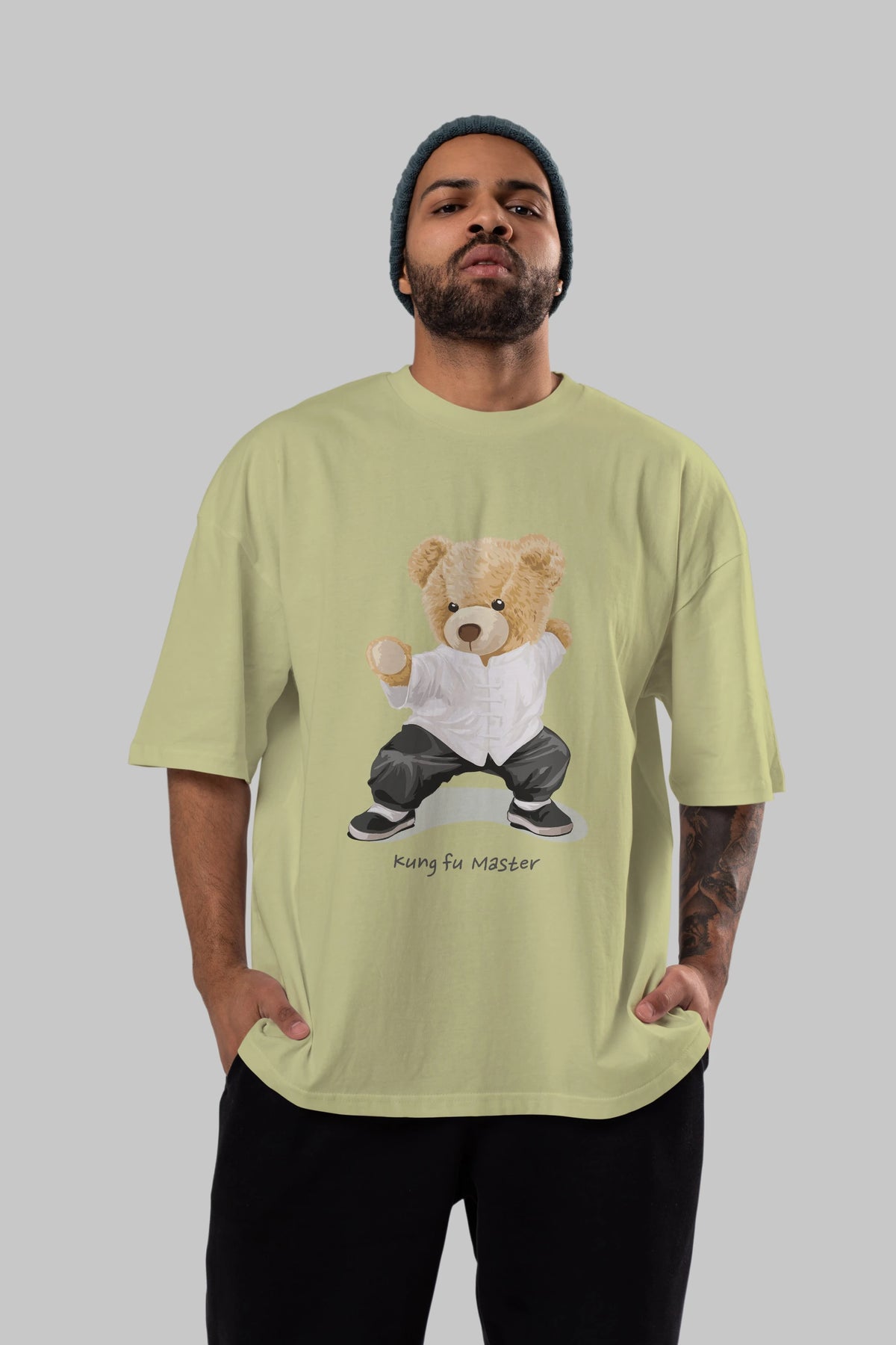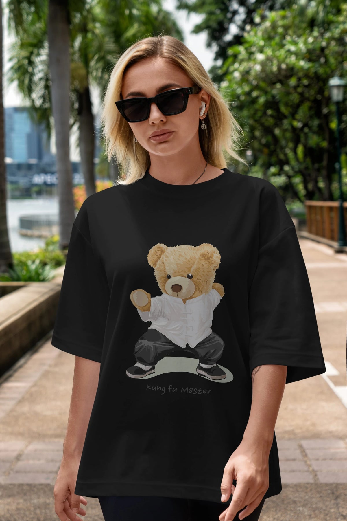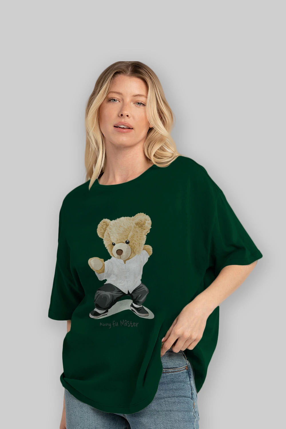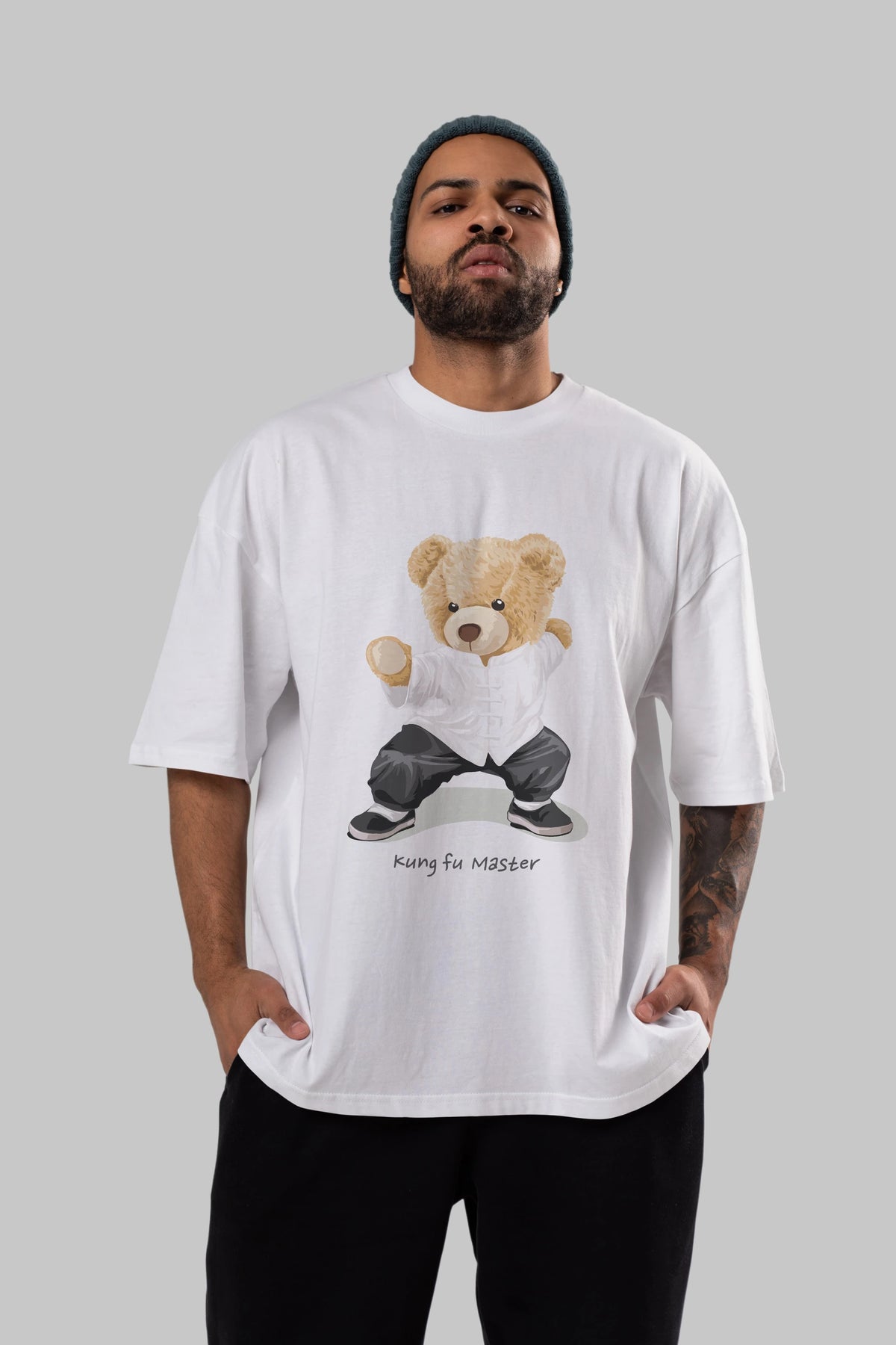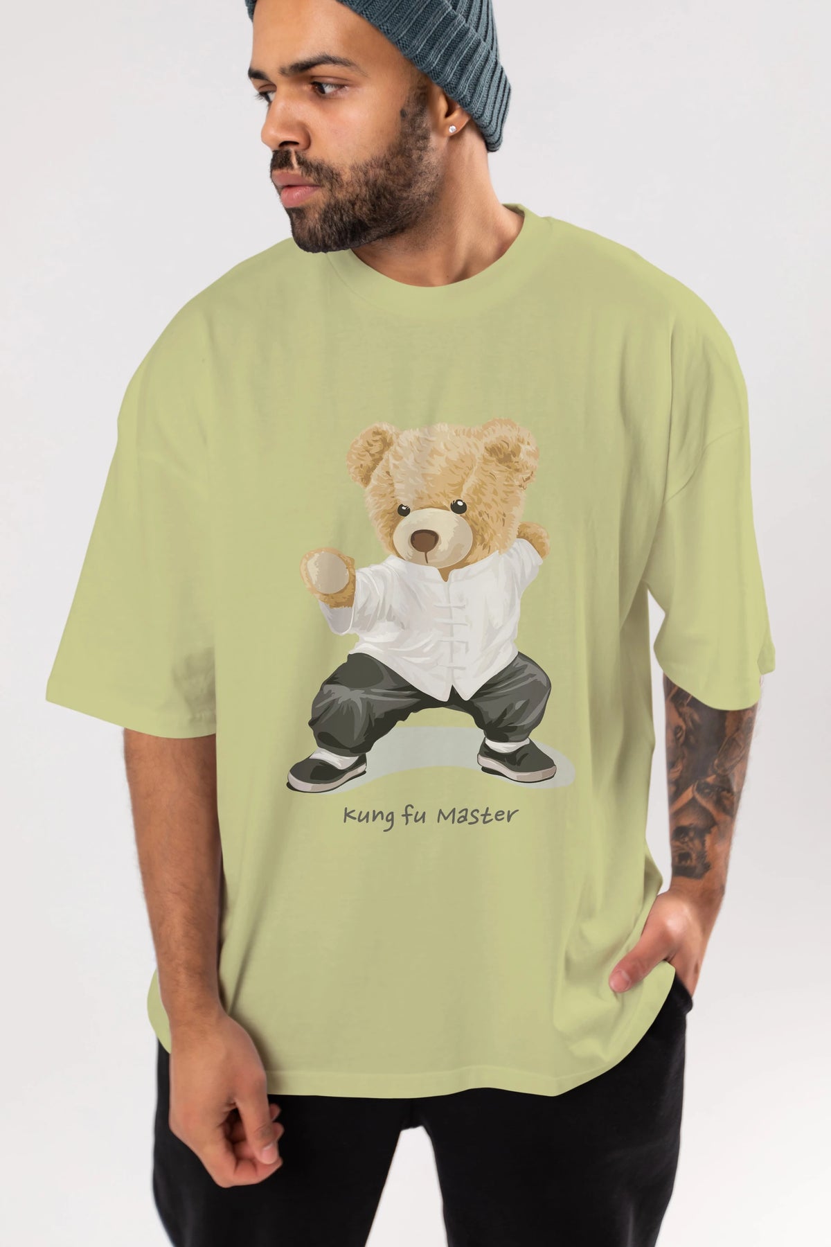 Teddy Bear Kung Fu Master Ön Baskılı Oversize t-shirt Erkek Kadın Unisex %100 Pamuk
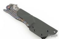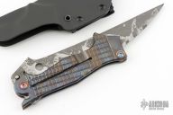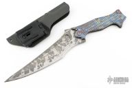 This knife by Steve Ryan features a acid etched, satin finished recurve blade with thumbhole and flipper. The handle has a milled and anodized titanium frame. Nice detent, lockup and blade seating. Comes with kydex sheath, and padded zipper case (Randall). Has a few light scratches, otherwise excellent condition.
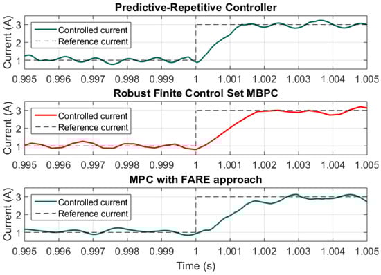 To address the analysis of the proposed controller performance in a deeper way, we used the performance of the robust finite control set [] and the performance of an MPC with a FARE approach [] for contrast purposes. All controllers were tuned with the aim of the best reaching for the reference signal, for a more detailed explanation of the controllers tuning methods, there are works such as [] that have as scope illustrates the tuning process, the results presented here are based on these methods to obtain a fair and easy comparison between controllers. Figure 12 compares the step response of the different strategies. Thus, the comparison was made with a step from 1 A to 3 A. It can be highlighted that the proposed PRC has a better performance due to its settling time being minor at more than 30% when compared with the other approaches. Additionally, the PRC proposed has a lower steady state error when compared with [] and [], as is presented in Table 1.
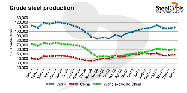 On February 22, the World Steel Association (worldsteel) has announced that world crude steel production in January this year amounted to 108.89 million metric tons, increasing by 25 percent year on year and up 1.8 percent compared to December 2009.
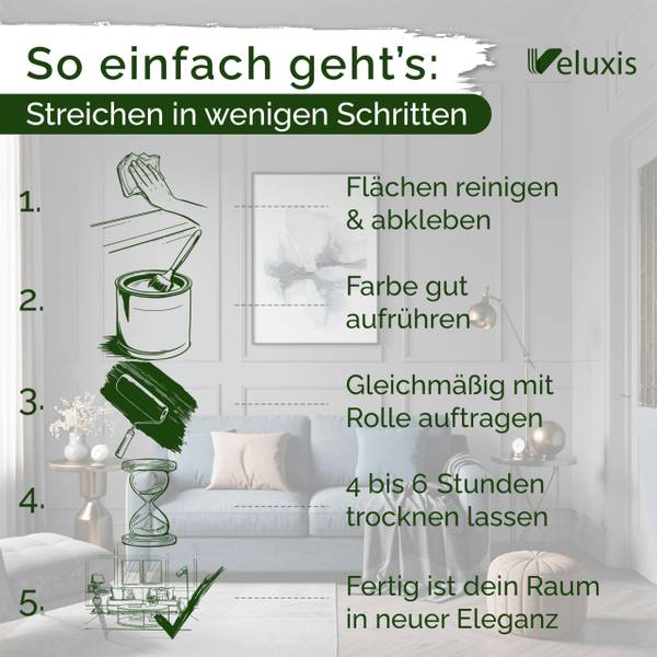Die Veluxis® Premium-Wandfarbe verleiht deinen Räumen eine hochwertige, matte Oberfläche mit besonders edlem Charakter. Das samtige Finish sorgt für ein modernes, stilvolles Ambiente und macht Wände zu echten Highlights. Ideal für anspruchsvolle Wohnräume, die Wert auf Design und Qualität legen.
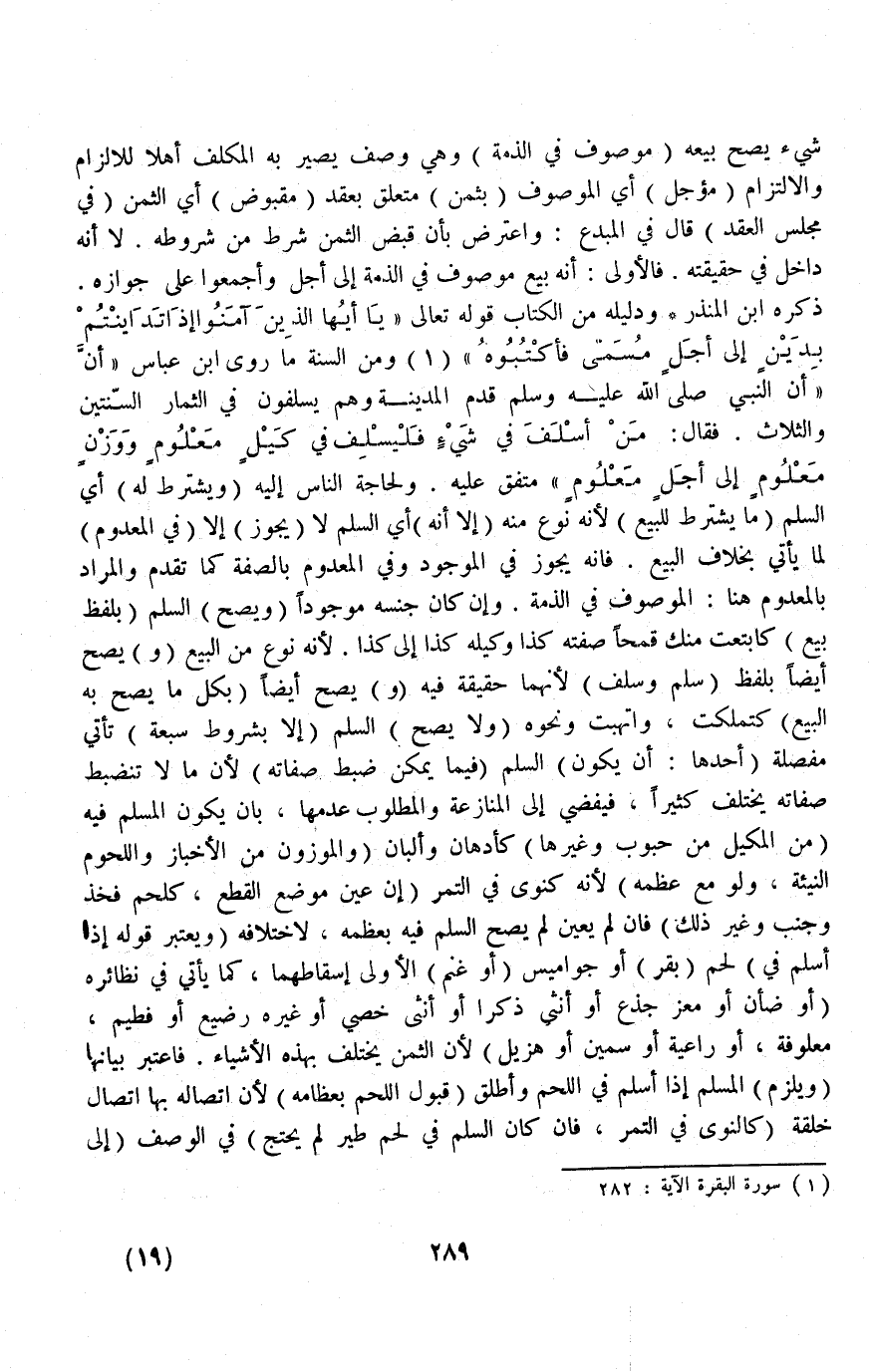 شَيْءٍ يَصِحُّ بَيْعُهُ (مَوْصُوفٍ فِي الذِّمَّةِ) وَهِيَ وَصْفٌ يَصِيرُ بِهِ الْمُكَلَّفُ أَهْلًا لِلْإِلْزَامِ وَالِالْتِزَامُ (مُؤَجَّلٌ) أَيْ الْمَوْصُوفُ (بِثَمَنٍ) مُتَعَلِّقٌ بِعَقْدٍ (مَقْبُوضٍ) أَيْ الثَّمَنِ (فِي مَجْلِسِ الْعَقْدِ) قَالَ فِي الْمُبْدِعِ: وَاعْتَرَضَ بِأَنَّ قَبْضَ الثَّمَنِ شَرْطٌ مِنْ شُرُوطِهِ لَا إنَّهُ دَاخِلٌ فِي حَقِيقَتِهِ فَالْأَوْلَى: أَنَّهُ بَيْعٌ مَوْصُوفٌ فِي الذِّمَّةِ إلَى أَجَلٍ وَأَجْمَعُوا عَلَى جَوَازِهِ ذَكَرَهُ ابْنُ الْمُنْذِرِ وَدَلِيلُهُ مِنْ الْكِتَابِ قَوْله تَعَالَى {يَا أَيُّهَا الَّذِينَ آمَنُوا إِذَا تَدَايَنْتُمْ بِدَيْنٍ إِلَى أَجَلٍ مُسَمًّى فَاكْتُبُوهُ} [البقرة: ٢٨٢] وَمِنْ السُّنَّةِ مَا رَوَى ابْنُ عَبَّاسٍ «أَنَّ النَّبِيَّ - صَلَّى اللَّهُ عَلَيْهِ وَسَلَّمَ - قَدِمَ الْمَدِينَةَ وَهُمْ يُسْلِفُونَ فِي الثِّمَارِ السَّنَتَيْنِ وَالثَّلَاثَ فَقَالَ: مَنْ أَسْلَفَ فِي شَيْءٍ فَلْيُسْلِفْ فِي كَيْلٍ مَعْلُومٍ وَوَزْنٍ مَعْلُومٍ إلَى أَجَلٍ مَعْلُومٍ» مُتَّفَقٌ عَلَيْهِ وَلِحَاجَةِ النَّاسِ إلَيْهِ.
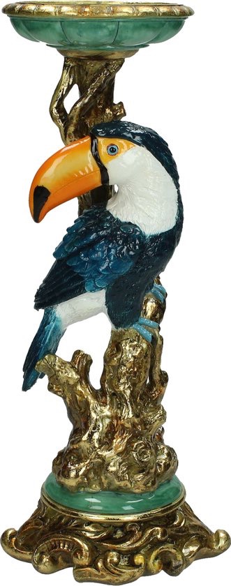 Breng de exotische pracht van de jungle in huis met deze unieke kandelaar, prachtig vormgegeven met een gedetailleerde toekan en luxe gouden accenten. Dit elegante decoratiestuk combineert natuur en kunst in een verfijnd design, perfect voor een stijlvol interieur.
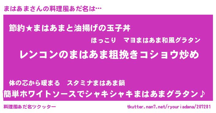 意味不明あだ名 | 『自称まはあま』『ペロリンまはあま』 |
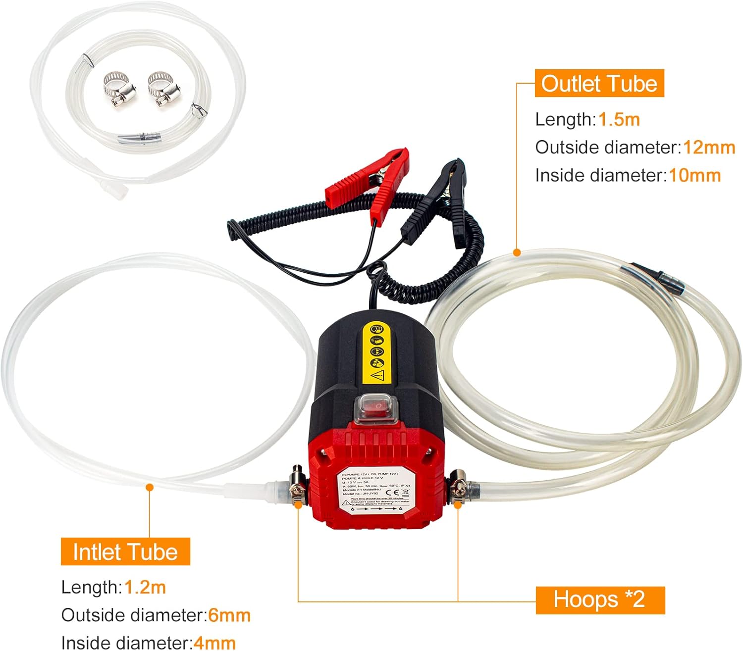 - 【Package Included】 1 x Oil Extraction Pump; 1 x Outlet Hose; 1 x Inlet Hose; 2 x Hose Clamps; 2 x Battery Clamps
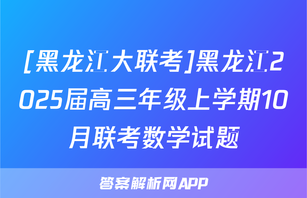 [黑龙江大联考]黑龙江2025届高三年级上学期10月联考数学试题正在持续更新,目前2026届海淀八模答案网为大家整理了相关试题及答案,供大家查缺补漏,高效提升成绩。
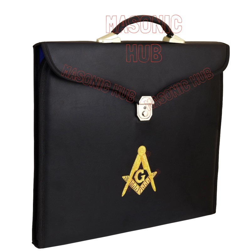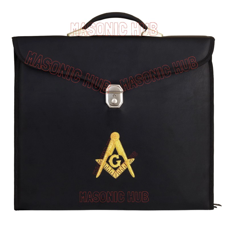 Masonic Regalia Black File Case For WM/MM Apron with Hard Handle & G Logo-BLACK
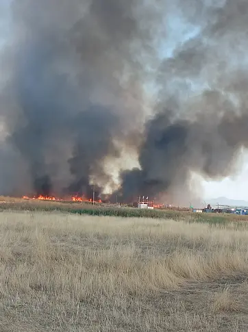 Гъст черен дим се издига над огнената стихия.
********************
» **Task description**:
Copy word for word the lines of the records above from the one with "意味不明あだ名 | 『自称まはあま』『ペロリンまはあま』 |" up to and including the one with "[黑龙江大联考]黑龙江202". Skip the pictures.

» **Task result**:
 意味不明あだ名 | 『自称まはあま』『ペロリンまはあま』 |
 - 【Package Included】 1 x Oil Extraction Pump; 1 x Outlet Hose; 1 x Inlet Hose; 2 x Hose Clamps; 2 x Battery Clamps
 [黑龙江大联考]黑龙江2025届高三年级上学期10月联考数学试题正在持续更新,目前2026届海淀八模答案网为大家整理了相关试题及答案,供大家查缺补漏,高效提升成绩。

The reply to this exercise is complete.